Petrified Forest National Park, Arizona
Petrified Forest National Park is a unique outdoor attraction in Arizona, offering visitors the chance to explore one of the largest and most vibrantly colored collections of petrified wood, historic structures and archaeological sites, all set among the breathtaking Painted Desert. The “trees” are fragmented, fossilized logs spread across a vast area of grassland. Many are huge, up to six feet in diameter, and at least one spans a ravine, forming a natural bridge. At 225 million years old, they’re as ancient as the first dinosaurs that roamed the planet in the Late Triassic period. Hit the hiking trails ranging from less than a half-mile to three miles to take in a variety of impressive views and opportunities to glimpse wildlife like mule deer, coyote, lizards, rabbits and birds.
Big Bend National Park, Texas
At Big Bend National Park, discover rigid canyon walls that meet with flat, desert land by hiking, rafting the Rio Grande River or taking a scenic drive. It’s also popular for stargazing with some of the darkest measured skies in the lower 48, with thousands of stars and planets all visible to the naked eye.

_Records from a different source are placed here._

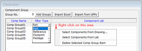 - Delete Selected Comp Group Item: Unnecessary components groups can be removed by choosing a Delete Selected Comp Group Item option.
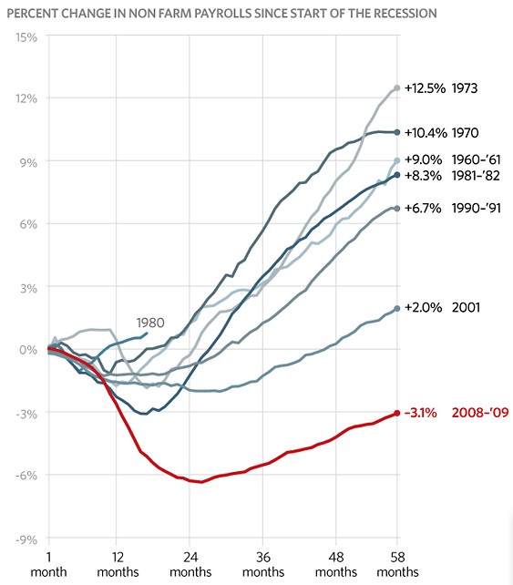 En las anteriores recesiones, el empleo se recuperó en una media de cuatro años desde el inicio de la crisis, pero hoy en día EEUU aún cuenta con 4,2 millones de trabajadores menos que a finales de 2007. El mercado laboral estadounidense también está experimentando la recuperación más lenta desde los años 30.
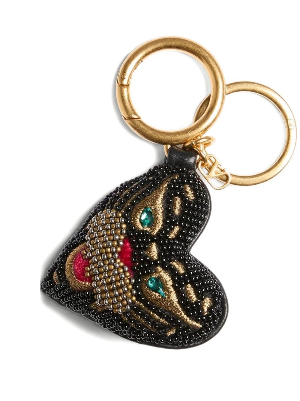 VG Coeur De Chat heart-shape bag charm Highlights - Black - Beaded embroidery - Glass crystals - Snap hook - Key ring Made in Italy Composition Nappa Leather 100%, glass 100%, Brass 100%
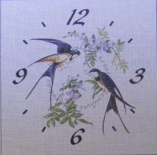 25 x 25 cm. Duplaszálas, fehér kanavára festett gobelin fonal nélkül. 44 öltés / 10 cm.
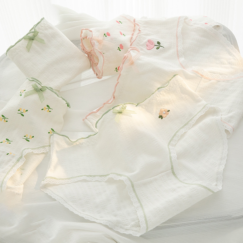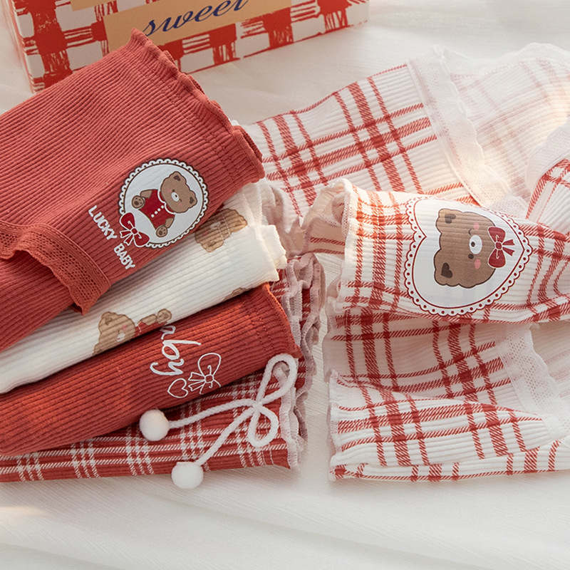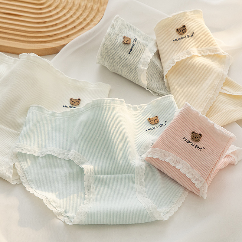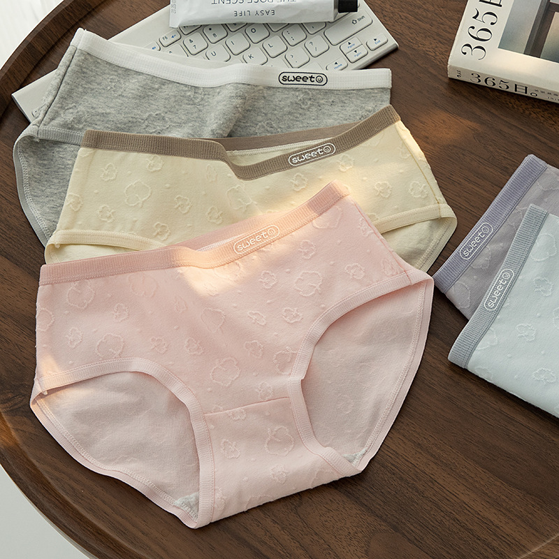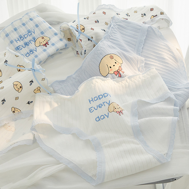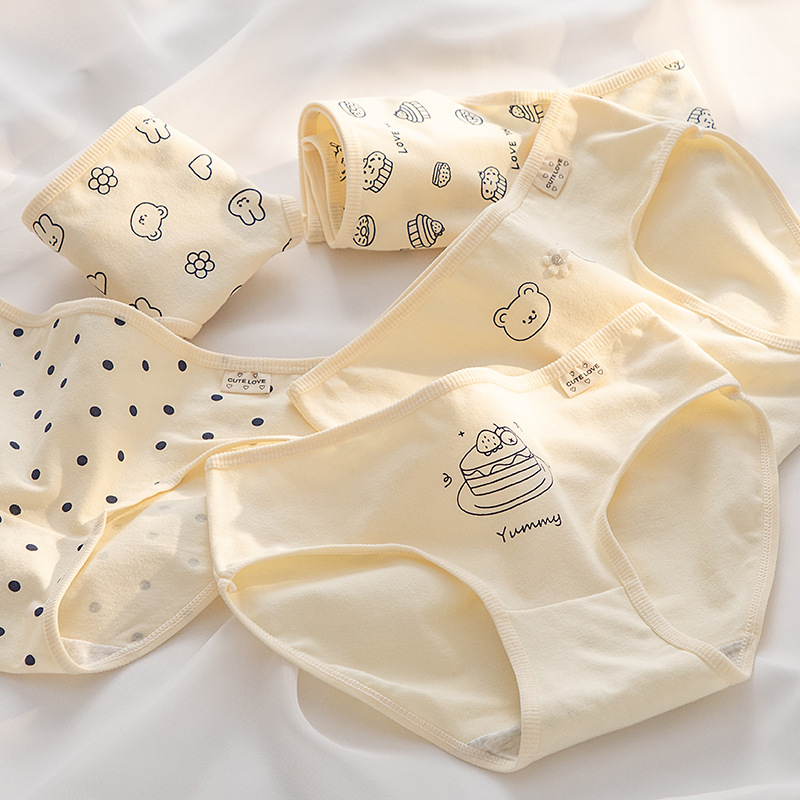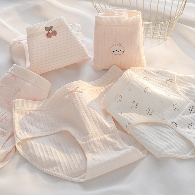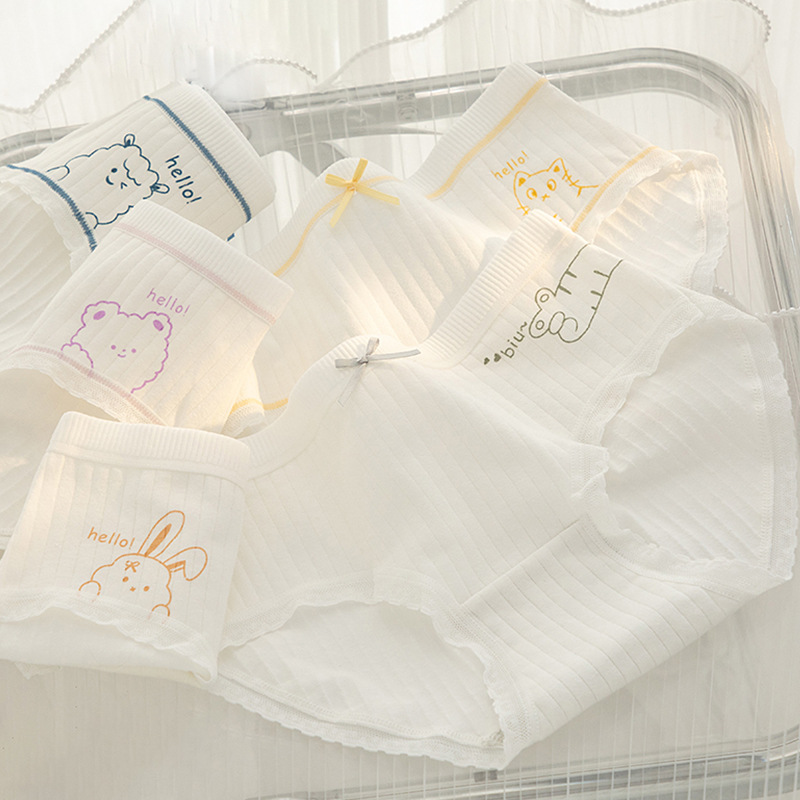 여성용 일본식 달콤하고 귀여운 속옷, 중간 허리 통기성 순면 가랑이 커버 엉덩이 얇은 학생 팬티
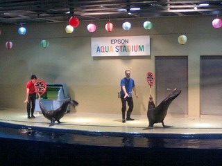 金曜日。「出張で明日帰る」ということでパパさん急きょ帰国。土曜に帰るということは日曜はフリーだな。よしよし。(私パパ)明日、どこに行きたい?(メイトモ)「水族館~」というわけで今回はエプソン品川アクアスタジアムへ。なんで品川には水族館が2つもあるんでしょうねえ~こちらエプソンのは水槽はちんまりしていますが、室内でのイルカやアシカのショーがメインなのかな。アシカのショーはこれまたちんまりしたステージで行われます。イルカのショー私は「人間に調教された動物が芸をする」というのをあまり好まないのですが、ここのイルカとクジラは観客にザッパンザッパン海水をかける(笑)前の列の人たちはそれを覚悟でレインコート来て準備して座っているのですが想像をはるかに上回るかけられっぷり(笑)メガネ吹っ飛ぶんじゃね?ぐらいの。この水族館の見所は「クジラにイヤっていうほど海水をかけられる人間達」なんですね?それならよし。でもイルカやクジラが泳いでるプールの海水かけられるって・・・ やだな夜は近所の美味しい焼肉屋で大満足~な1日でした♪
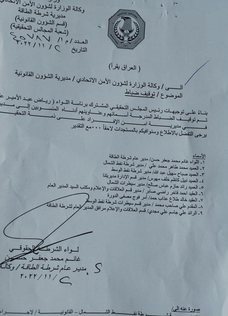 اظهرت وثيقة رسمية، اصدار اوامر بالقبض على تسعة ضباط في وزارة الداخلية على صلة بقضية تهريب النفط الخام.
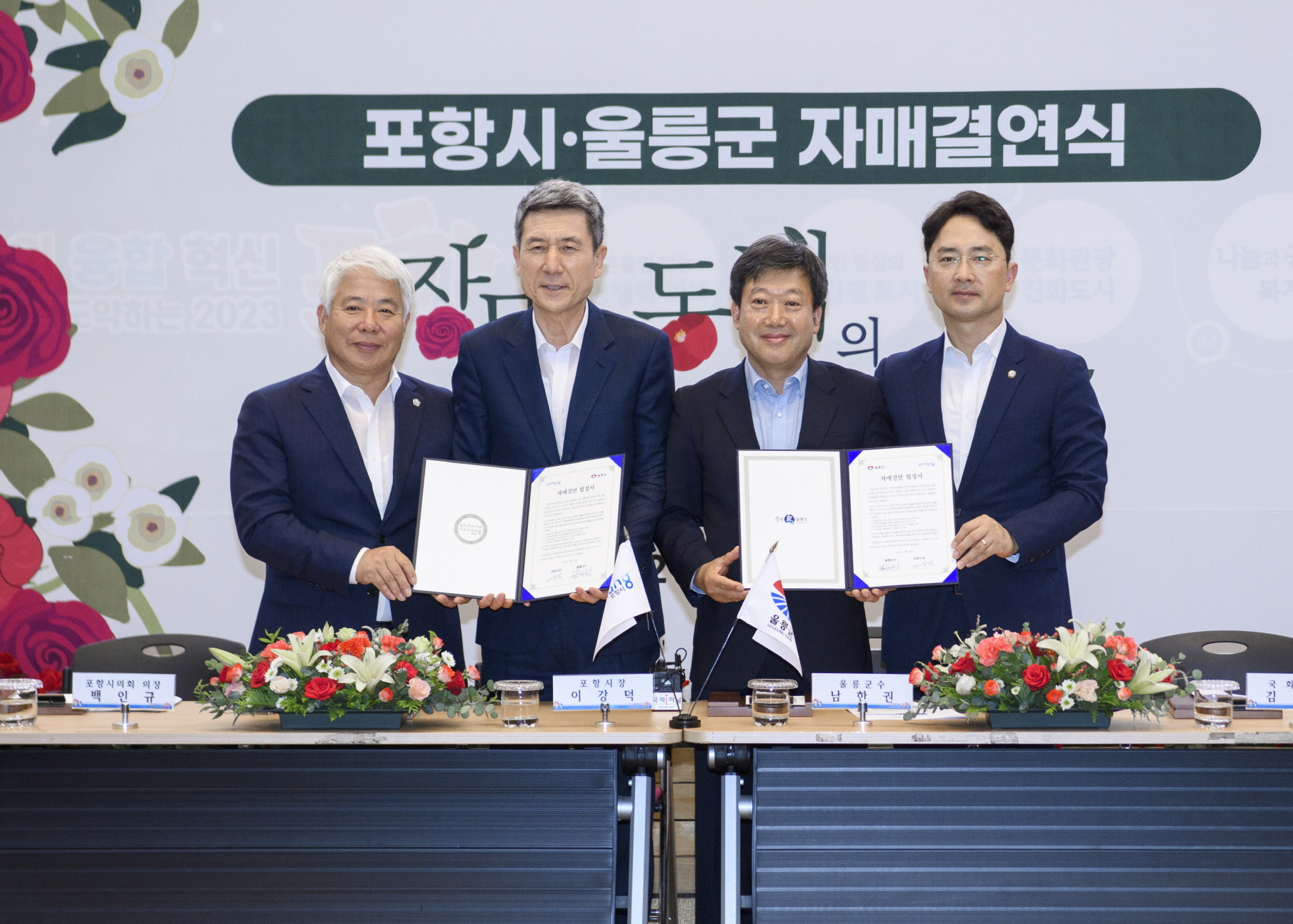 이날 협약식에는 남한권 울릉군수와 이강덕 포항시장을 비롯해 양 도시 분야별 단체장, 관계공무원 등이 참석했다.

Wind Cave National Park, South Dakota
Wind Cave in the lush Black Hills of South Dakota was the first cave to be declared a national park. It’s home to the world’s largest concentration of rare boxwork formations and hosts a 28,295-acre wildlife sanctuary above ground. The cave was discovered by early explorers in 1881, but many Native American tribes considered it a sacred place for centuries before. Ranger-led tours are offered, taking visitors through the narrow passageways to view the remarkable geological phenomenons.
North Cascades National Park, Canada
Just three hours from the hustle and bustle of Seattle you’ll find one of the least visited national parks in the country. North Cascades National Park hosts under 27,000 visitors per year, which means you can enjoy this incredibly scenic, rugged wilderness area practically all to yourself. It’s home to one of the biggest concentrations of glaciers outside of Alaska, with over 300, and has one of the most diverse ecosystems on the planet. As you hike the miles and miles of trails, watch for bald eagles and osprey perched among the lush forests and rocky slopes as well as elusive creatures like the fisher, wolverine, gray wolf, black and grizzly bears, moose and cougars.